┌─ Records for this exercise

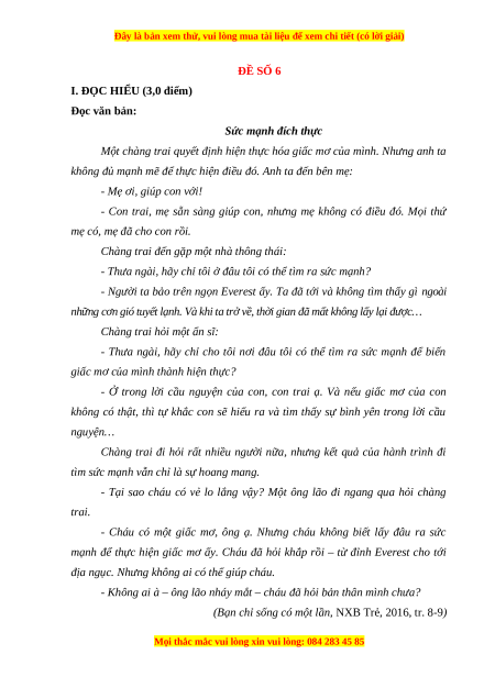 I. ĐỌC HIỂU (3,0 điểm) Đọc văn bản:
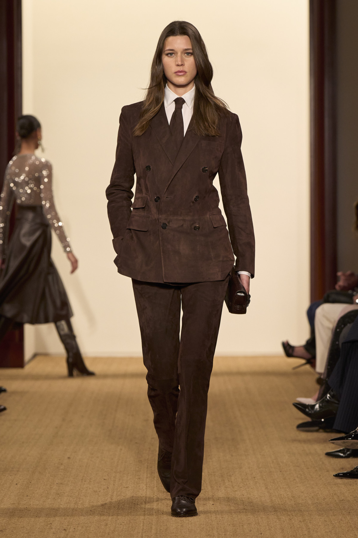 У колекціях світових брендів осінь-зима — 2024/25 він з’явився в різноманітних варіаціях та поєднаннях. Безперечно, найпоширенішим тандемом на подіумах стали брючні костюми-двійки. Зокрема, їх показали Ralph Lauren, який зосередився на замшевому матеріалі й популярному в прийдешньому сезоні коричневому відтінку, Chanel, що традиційно зупинився на твіді й картатому принті, а також Schiaparelli, Stella McCartney та Ujoh, які не оминули увагою маскулінні об’ємні моделі. Інші ж бренди, як-от Carven, Victoria Beckham, Coperni, Miu Miu та Hermes поєднали власні масивні блейзери з мідіспідницями приталеного крою або, навпаки, плісированими A-силуету, мінішортами, джинсами, брюками та довгими светрами.
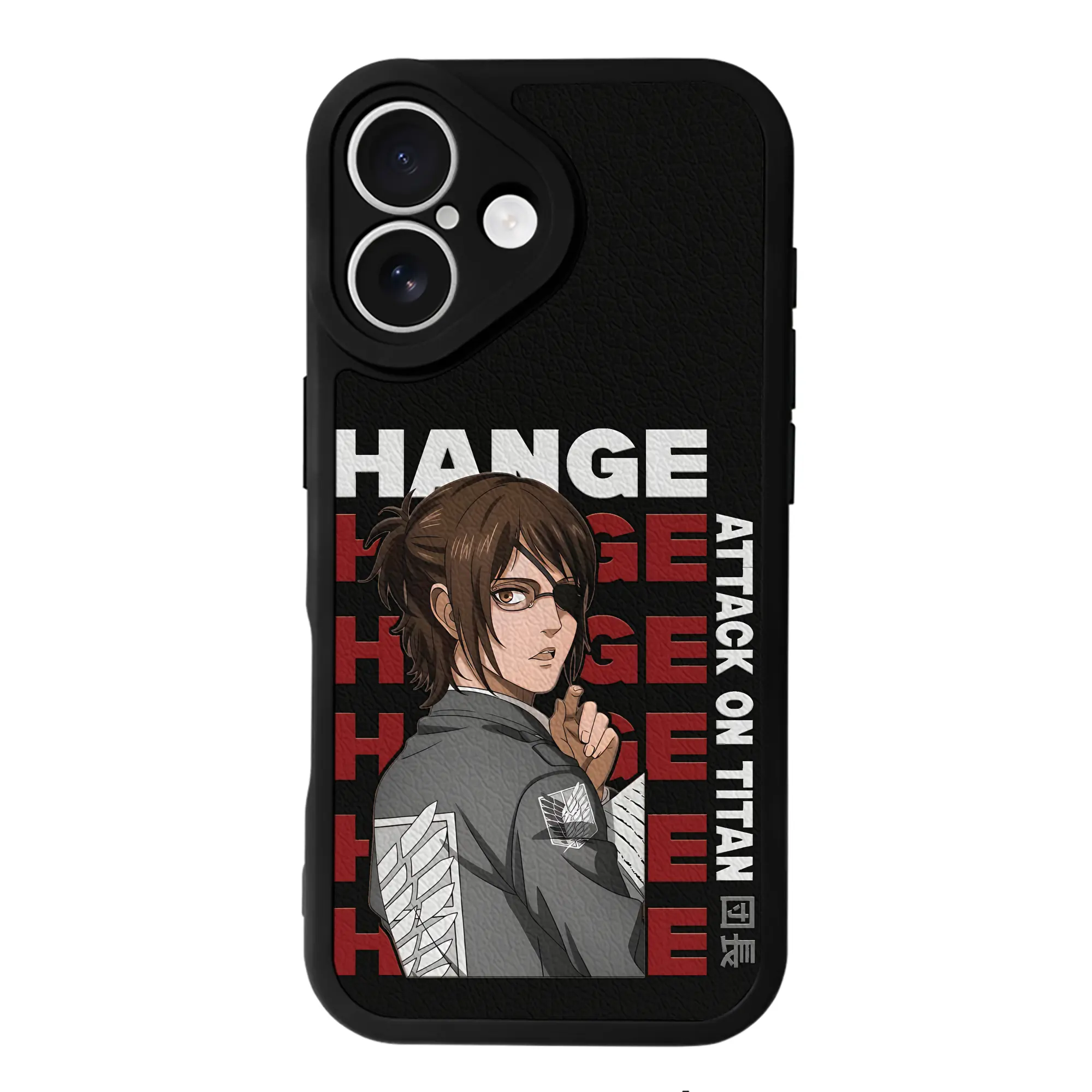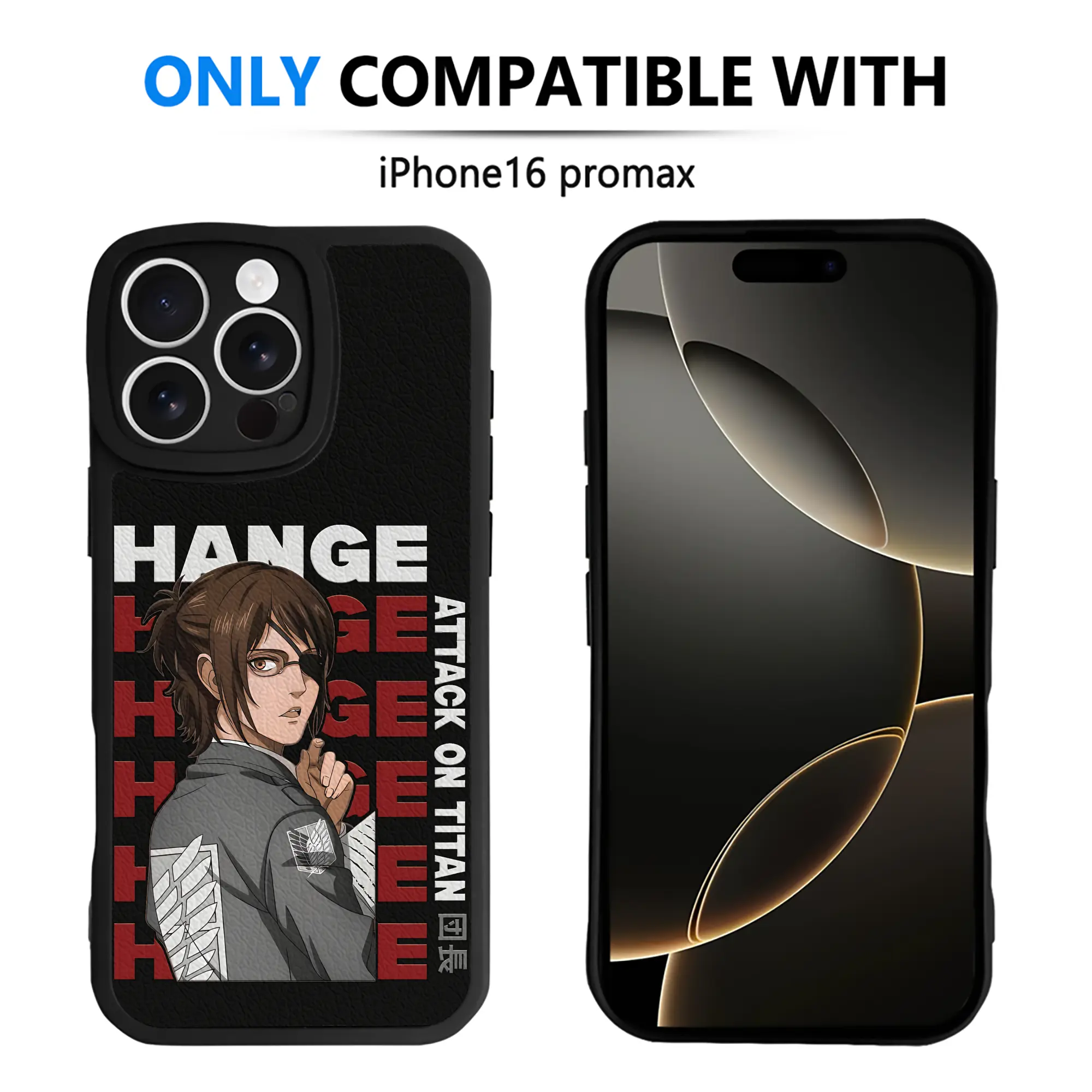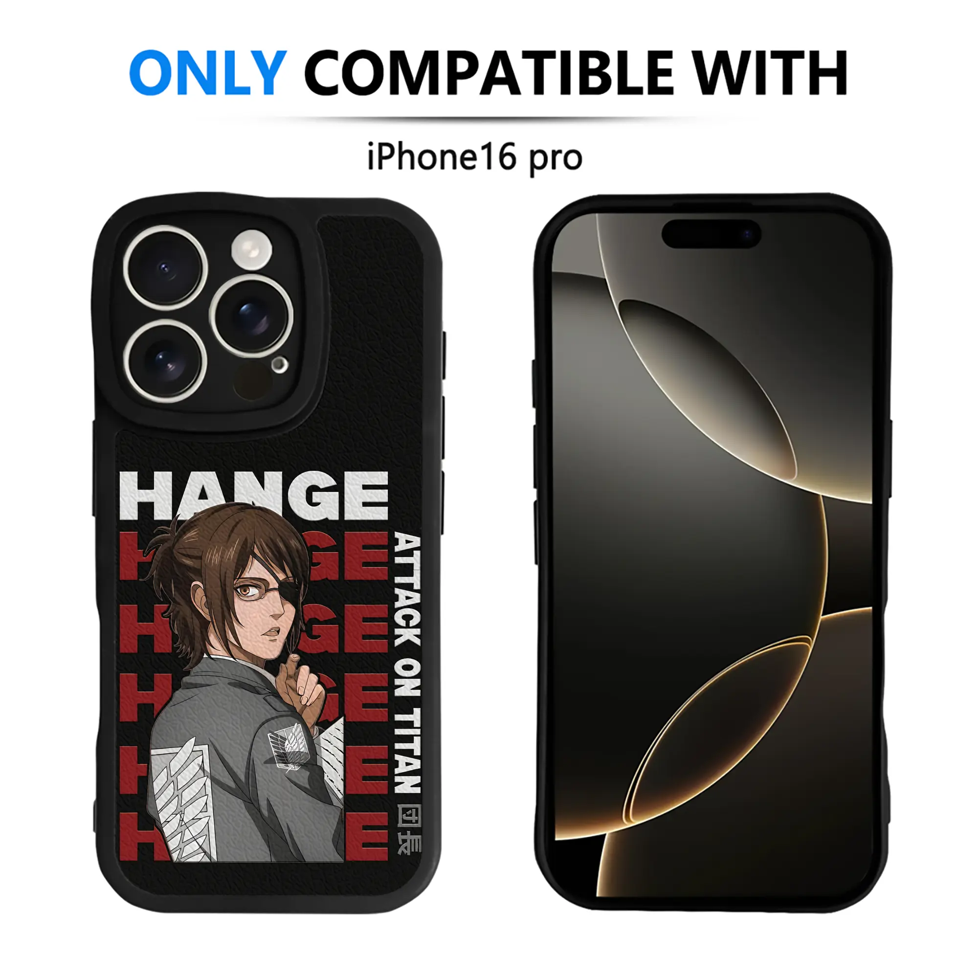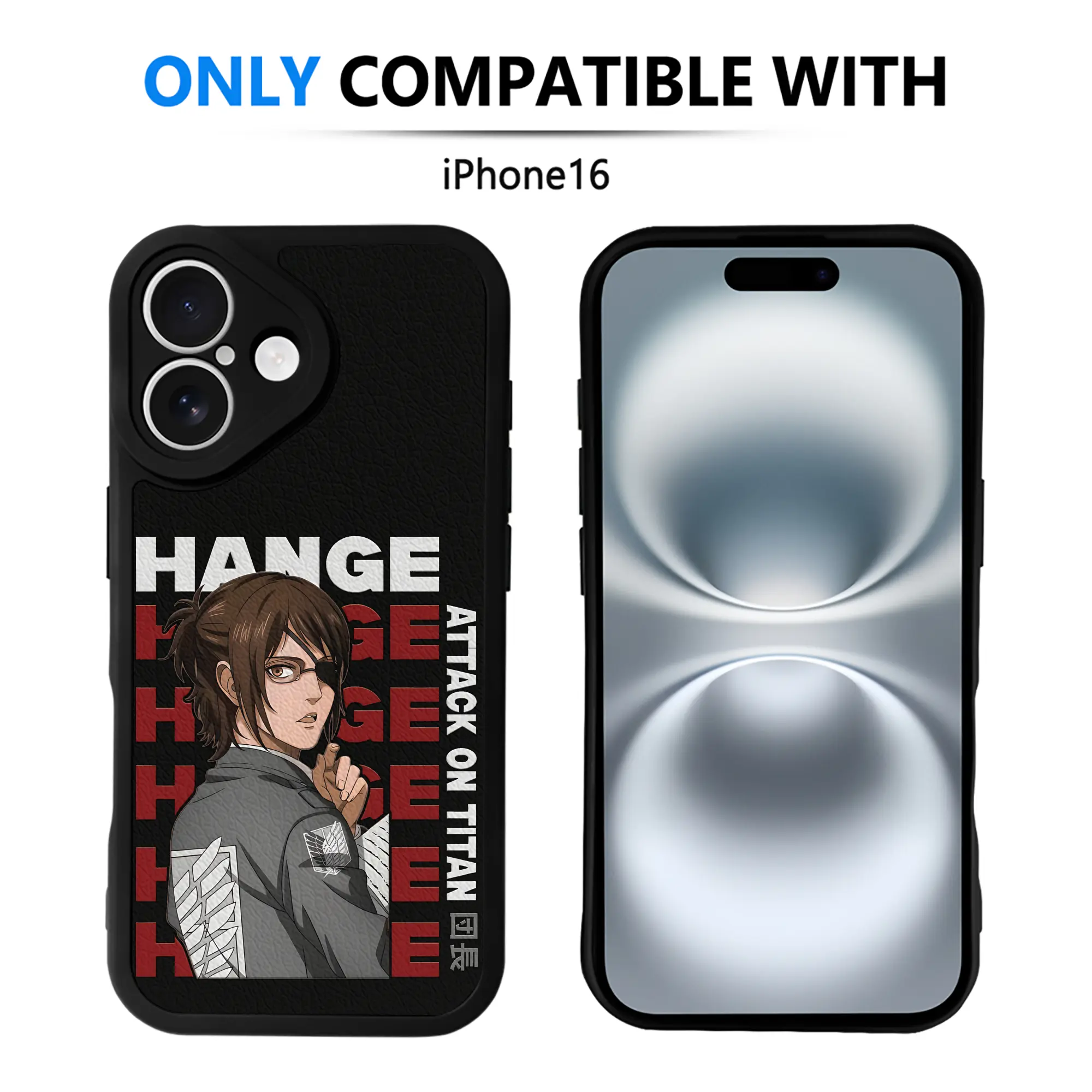進撃の巨人 グッズ ハンジ・ゾエ - IPhone 16シリーズ対応 ・ シリコンスマホケース ・ レザー調 ・ 高精度フィット ・ 耐衝撃 ・ ワイヤレス充電対応 ・ 精密カット
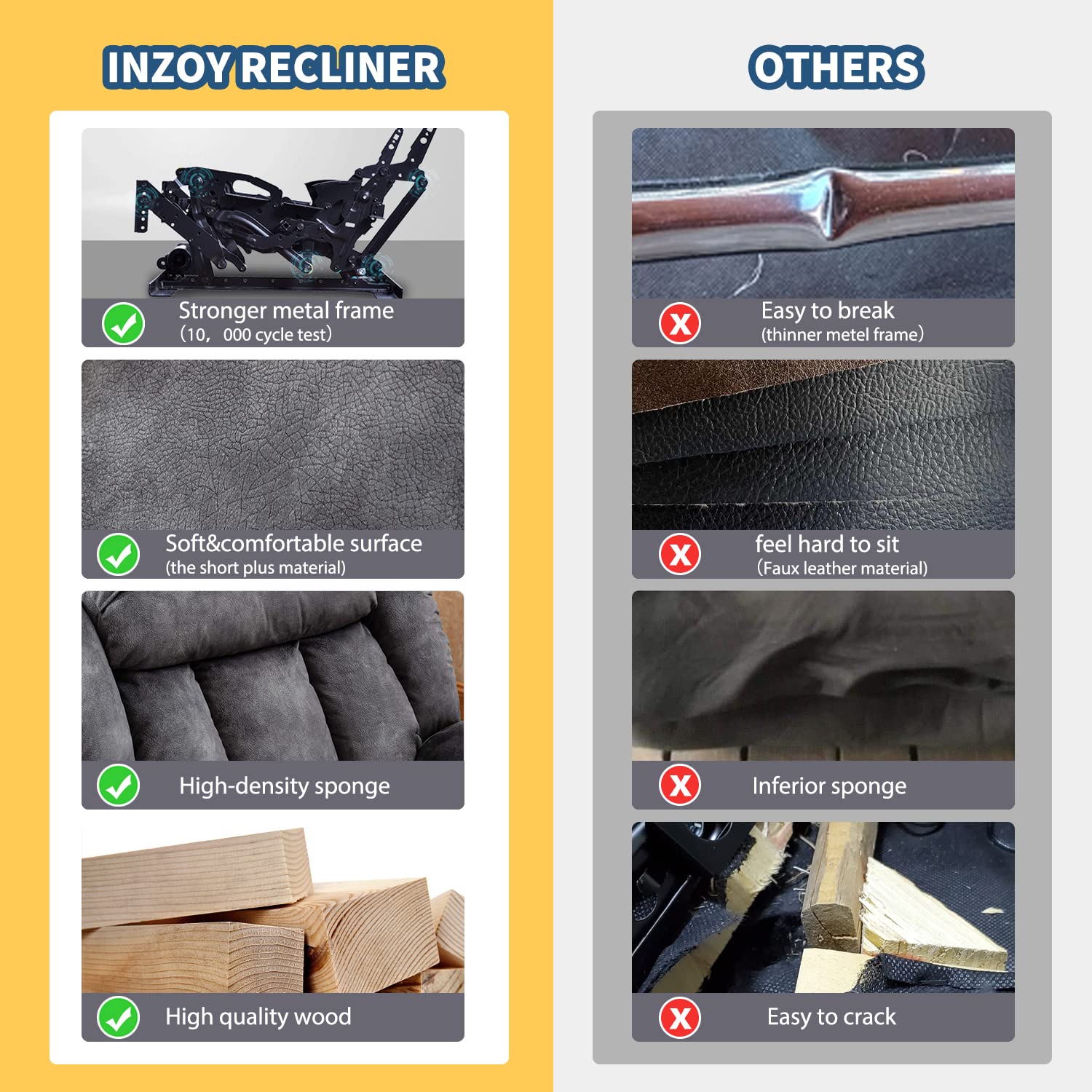 - Comfortable Material: The fabric of the massage rocker recliner is short plush, which is soft to the touch, and the color of the recliner will vary slightly depending on the direction of the pile. Luxurious breathable recliners have high-density foam and laminated veneer lumber systems to provide comfort.
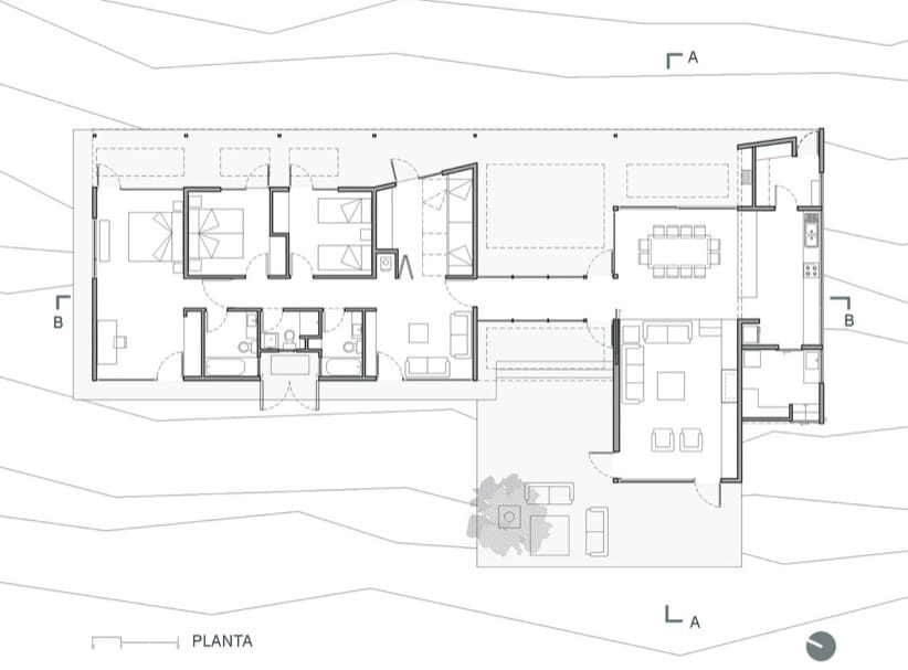 En este post se realiza un análisis a una casa aislada de una planta. Se trata de Campana House, que está ubicada en una finca de 0,5Ha, en Palmas de Ocoa (V Región, Chile). Para la construcción de este proyecto se utilizaron madera y hormigón, como materiales constructivos principales. También llamó nuestra atención por su buen comportamiento solar pasivo, y otras medidas de carácter activo.

└─

[What the exercise asks]
Restate each entry verbatim and skip every image.

[Exercise result]
 I. ĐỌC HIỂU (3,0 điểm) Đọc văn bản:
 У колекціях світових брендів осінь-зима — 2024/25 він з’явився в різноманітних варіаціях та поєднаннях. Безперечно, найпоширенішим тандемом на подіумах стали брючні костюми-двійки. Зокрема, їх показали Ralph Lauren, який зосередився на замшевому матеріалі й популярному в прийдешньому сезоні коричневому відтінку, Chanel, що традиційно зупинився на твіді й картатому принті, а також Schiaparelli, Stella McCartney та Ujoh, які не оминули увагою маскулінні об’ємні моделі. Інші ж бренди, як-от Carven, Victoria Beckham, Coperni, Miu Miu та Hermes поєднали власні масивні блейзери з мідіспідницями приталеного крою або, навпаки, плісированими A-силуету, мінішортами, джинсами, брюками та довгими светрами.
進撃の巨人 グッズ ハンジ・ゾエ - IPhone 16シリーズ対応 ・ シリコンスマホケース ・ レザー調 ・ 高精度フィット ・ 耐衝撃 ・ ワイヤレス充電対応 ・ 精密カット
 - Comfortable Material: The fabric of the massage rocker recliner is short plush, which is soft to the touch, and the color of the recliner will vary slightly depending on the direction of the pile. Luxurious breathable recliners have high-density foam and laminated veneer lumber systems to provide comfort.
 En este post se realiza un análisis a una casa aislada de una planta. Se trata de Campana House, que está ubicada en una finca de 0,5Ha, en Palmas de Ocoa (V Región, Chile). Para la construcción de este proyecto se utilizaron madera y hormigón, como materiales constructivos principales. También llamó nuestra atención por su buen comportamiento solar pasivo, y otras medidas de carácter activo.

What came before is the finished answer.